### Exercise material

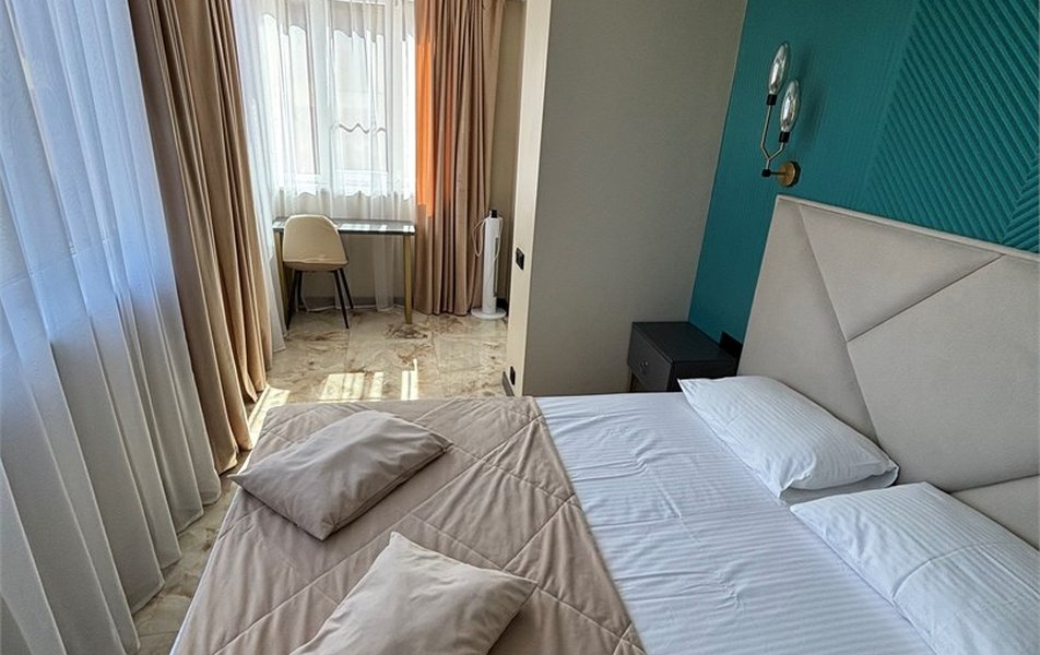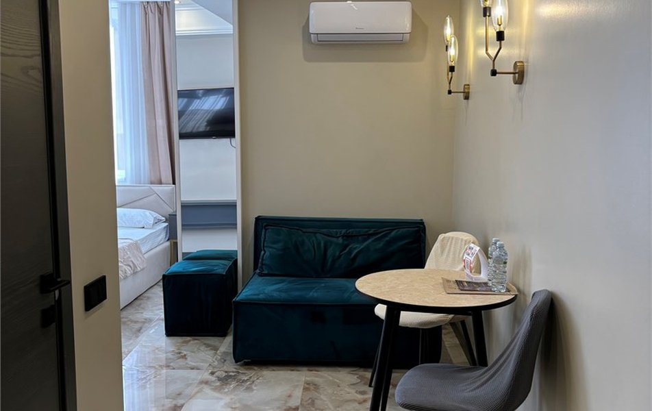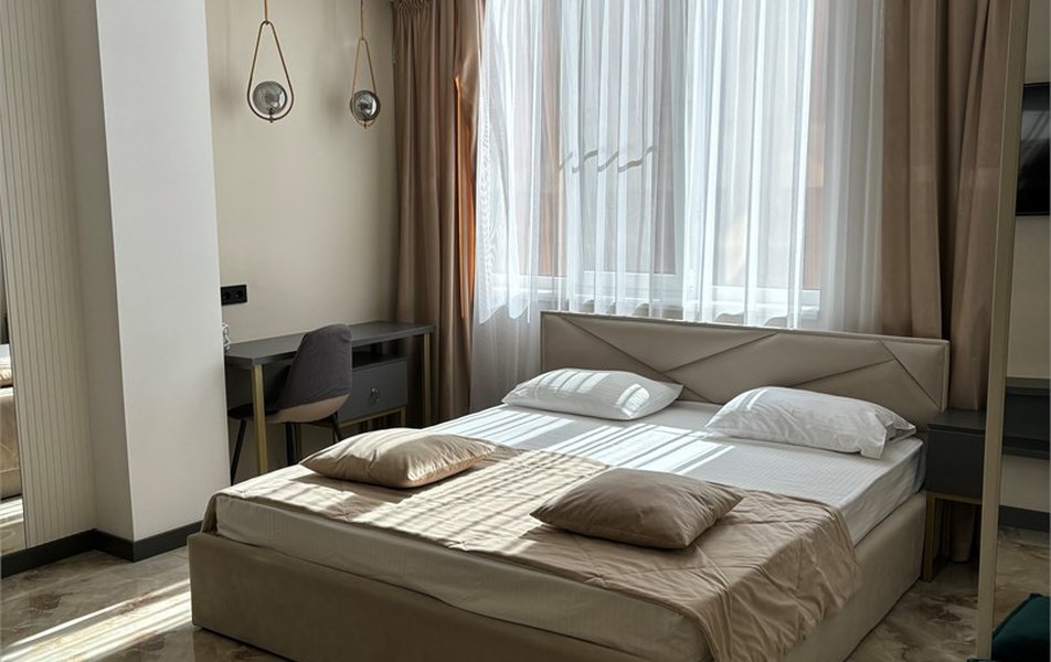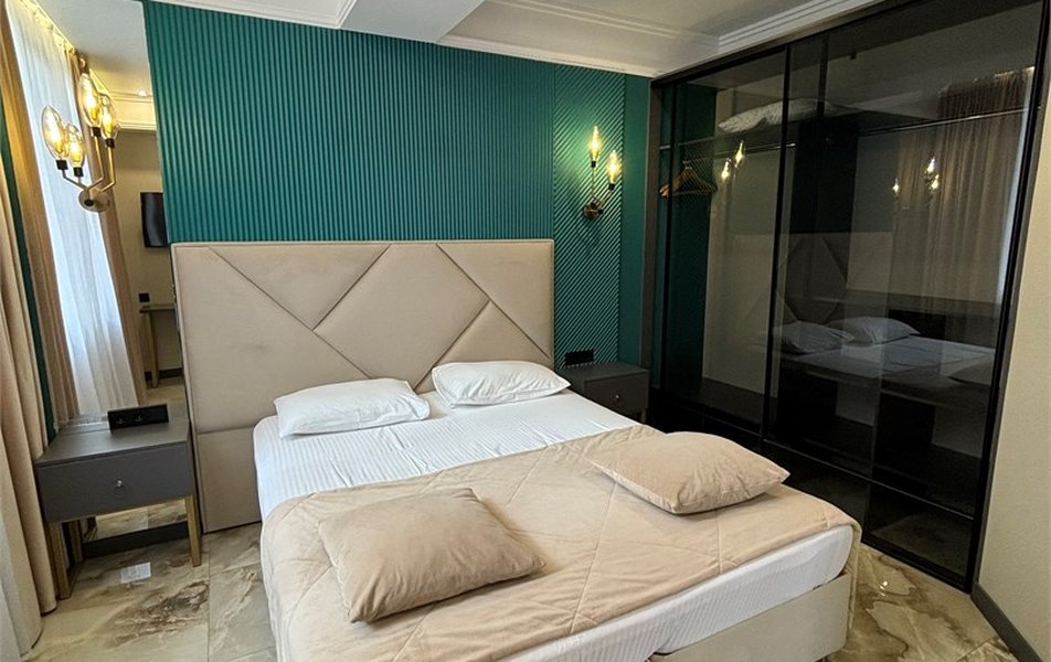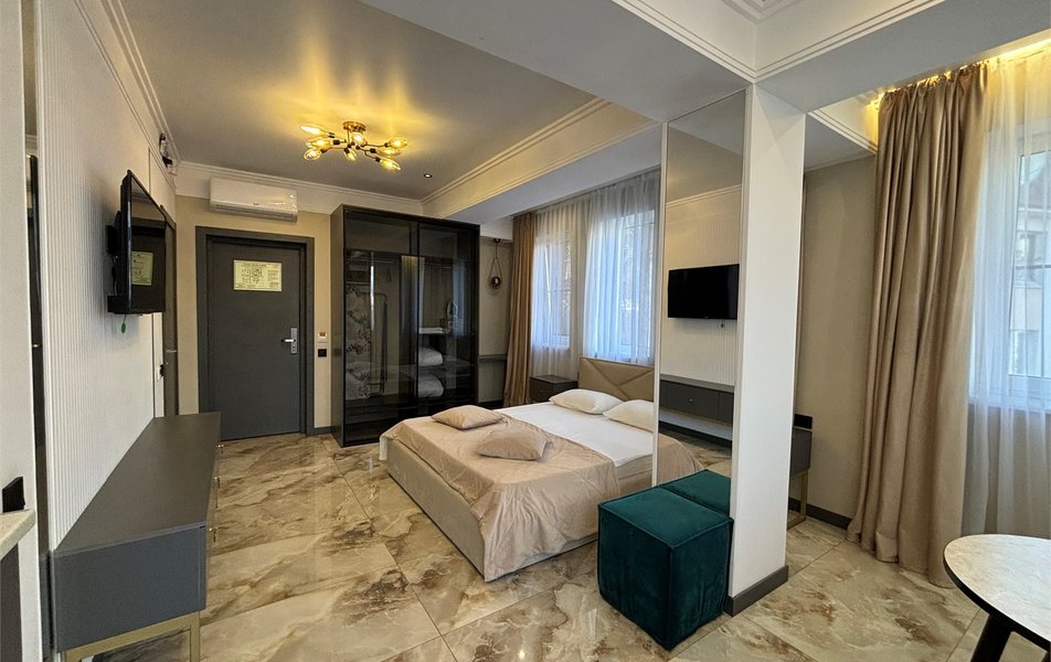 Делюкс 2-местный 2-комнатный Количество комнат: 2-комнатный Тип номера: Люкс Дополнительное место: диван-кровать Кол-во доп. мест: 2 Кол-во номеров: 4 Кол-во основных мест: 2 Площадь (кв. м): 40 Мебель: вешалка, диван, зеркало, кровать двуспальная, прикроватные тумбочки, стол, стулья, шкаф-купе Оборудование: кондиционер, набор посуды, плита электрическая, стиральная машина, телевизор ЖК, холодильник, электрочайник Санузел: с душем, туалетные принадлежности, фен Сервис: Wi-Fi бесплатно, room-сервис, смена полотенец, смена постельного белья, уборка номера
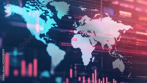 A digital world map overlaid with data metrics and graphs, showcasing technology and globalization in a visually engaging manner.
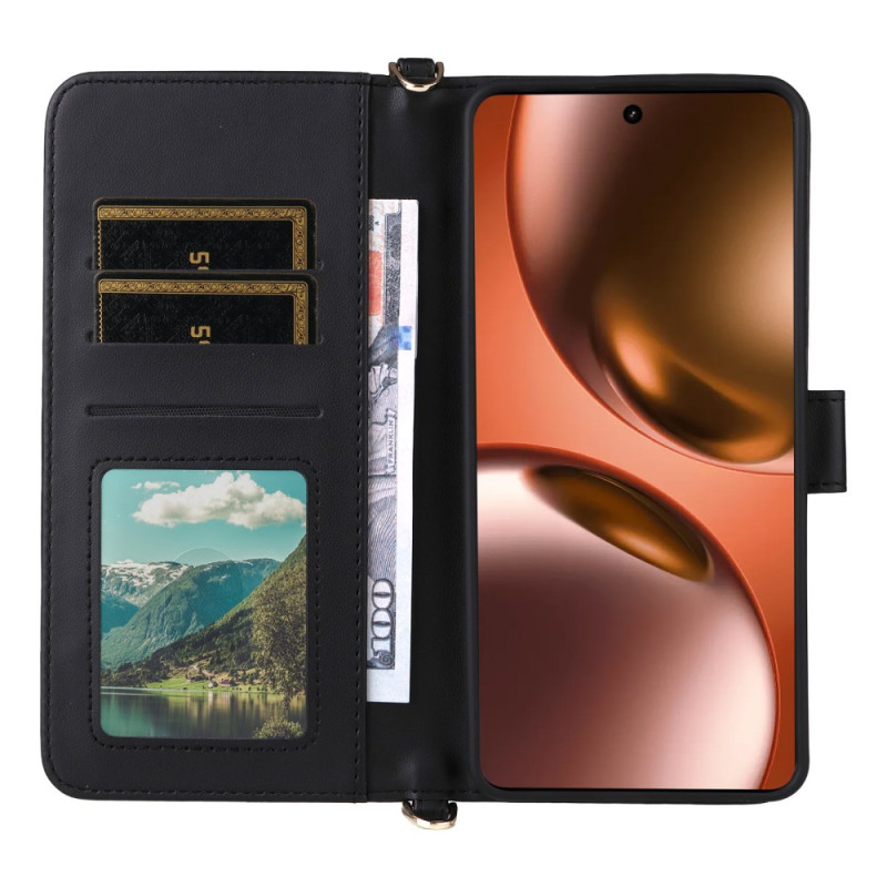 Elegante Brieftasche für Realme GT 7 5G mit verstellbarer Halterung, 6 Kartenfächern und sicherem Magnetverschluss. Kommt mit verstellbarem Schultergurt und abnehmbarer Handschlaufe für den vielseitigen Transport im Alltag.
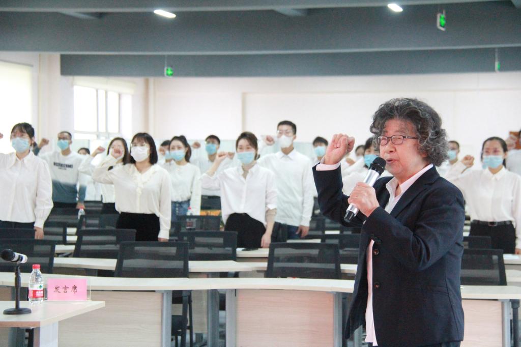 随后由总督学于惠力教授带领全体新进教师进行入职宣誓。全体教师起立,右手握拳齐眉,郑重宣誓:“我志愿做一名光荣的人民教师,忠诚党的教育事业,履行教师的神圣职责……为教育事业付出全部智慧和力量!”现场气氛庄重严肃,责任感、使命感油然而生。
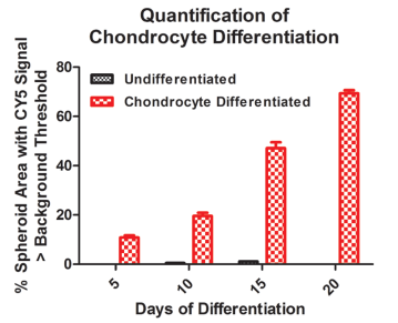CY5的细胞面积覆盖率即为细胞分化程度和II型胶原蛋白的表达,可通过次级Mask与主Mask的比值来计算,以百分比表示(图8)。与未分化的hMSCs球体细胞相比,软骨细胞分化后的hMSCs球体细胞中II型胶原的生成显著增加,从而验证了3D培养的hMSCs球体细胞可以成功分化为软骨细胞。
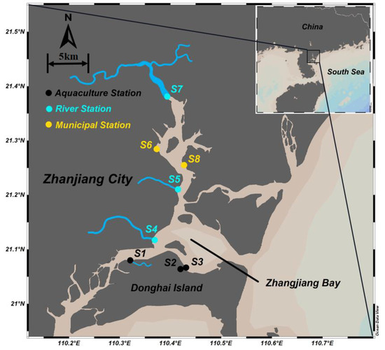 In this study, surface seawater samples were collected from the estuaries of 8 major rivers or flood discharge channels in ZJB in March 2021 (Figure 1). The sampling sites (S1–S8) were affected by residential areas, industrial zones, and aquaculture activities. Among them, S1–S3 were located at the north bank of Zhanjiang Donghai Island and were mainly affected by aquaculture wastewater discharge (S2 and S3 are situated in the same river, which is used for reservoir aquaculture flooding. The purpose of this is to test the internal and external pollution of the floodgates). S4 is at the estuary of the Nanliu River, located in the petrochemical industrial area, surrounded by the petrochemical wharf. S5 is at the Lvtang estuary in the urban residential area, a sewage estuary. S6 and S8 are in municipal sewers, and S7 is at the mouth of the largest river into ZJB, the Suixi River. Portable samplers were used to collect approximately 1.2 L of water samples, which were then stored in glass bottles with the addition of approximately 5 mL of methanol. The samples were stored in a refrigerator at 4 °C until further analysis. The oil content of the samples was determined using n-hexane liquid-liquid extraction/ultraviolet spectrophotometry according to the ‘Marine Monitoring Specification 2007’.
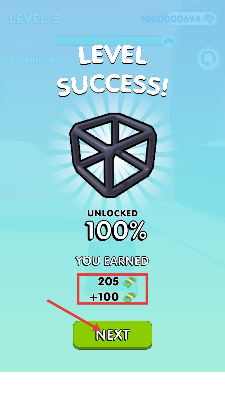 4、成功通关后,点击【NEXT】,领取【205-钞票】与【+100-钞票】奖励,进入下一关。
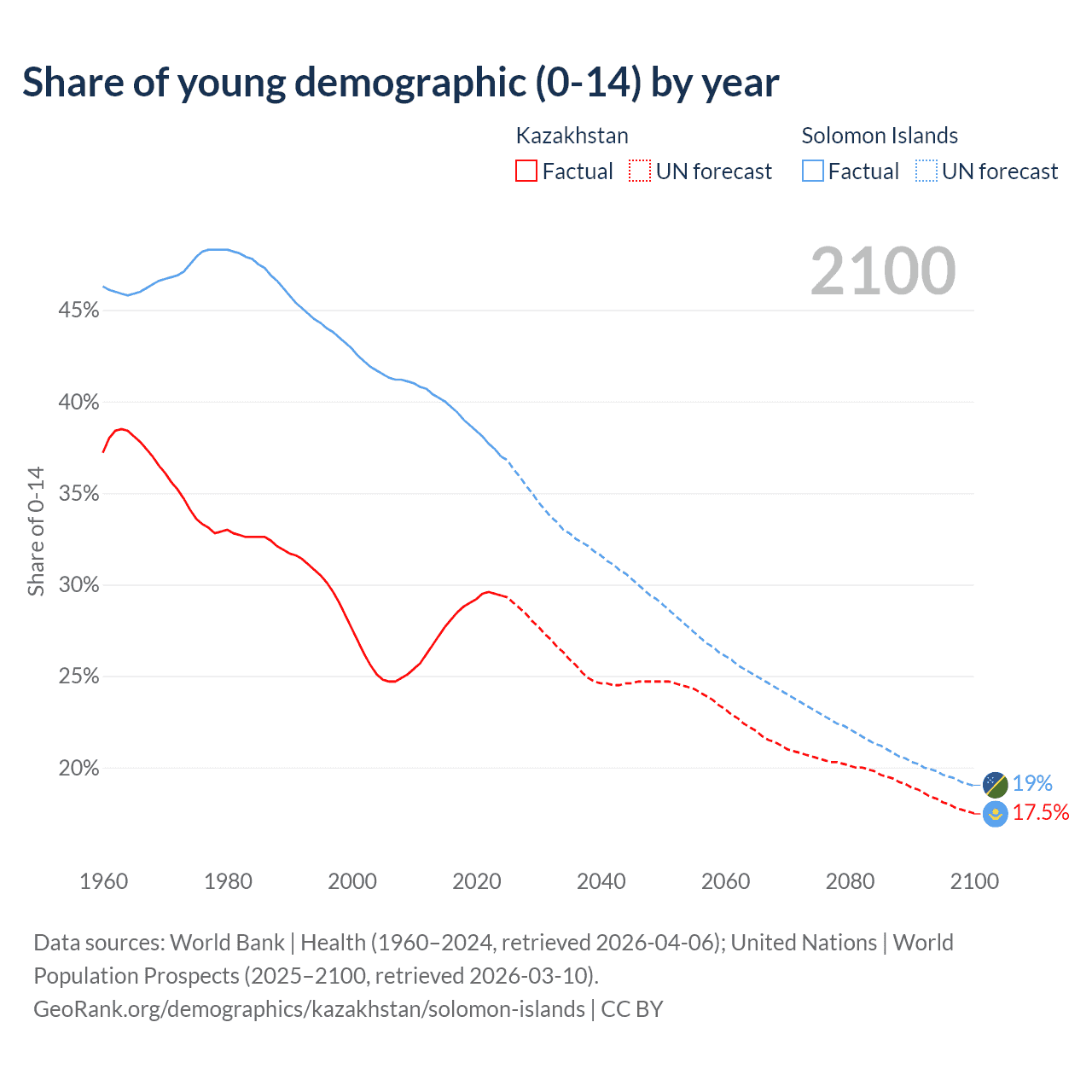 - The share of young demographic (0-15 years old) in Kazakhstan is 29.4% vs 37% in the Solomon Islands.

### Assignment
A word-for-word reproduction is needed of the lines above from the line containing "A digital world" through the line containing "CY5的细胞面积覆盖率即为细", with both ends kept and no pictures.

### Answer to the problem
 A digital world map overlaid with data metrics and graphs, showcasing technology and globalization in a visually engaging manner.
 Elegante Brieftasche für Realme GT 7 5G mit verstellbarer Halterung, 6 Kartenfächern und sicherem Magnetverschluss. Kommt mit verstellbarem Schultergurt und abnehmbarer Handschlaufe für den vielseitigen Transport im Alltag.
 随后由总督学于惠力教授带领全体新进教师进行入职宣誓。全体教师起立,右手握拳齐眉,郑重宣誓:“我志愿做一名光荣的人民教师,忠诚党的教育事业,履行教师的神圣职责……为教育事业付出全部智慧和力量!”现场气氛庄重严肃,责任感、使命感油然而生。
CY5的细胞面积覆盖率即为细胞分化程度和II型胶原蛋白的表达,可通过次级Mask与主Mask的比值来计算,以百分比表示(图8)。与未分化的hMSCs球体细胞相比,软骨细胞分化后的hMSCs球体细胞中II型胶原的生成显著增加,从而验证了3D培养的hMSCs球体细胞可以成功分化为软骨细胞。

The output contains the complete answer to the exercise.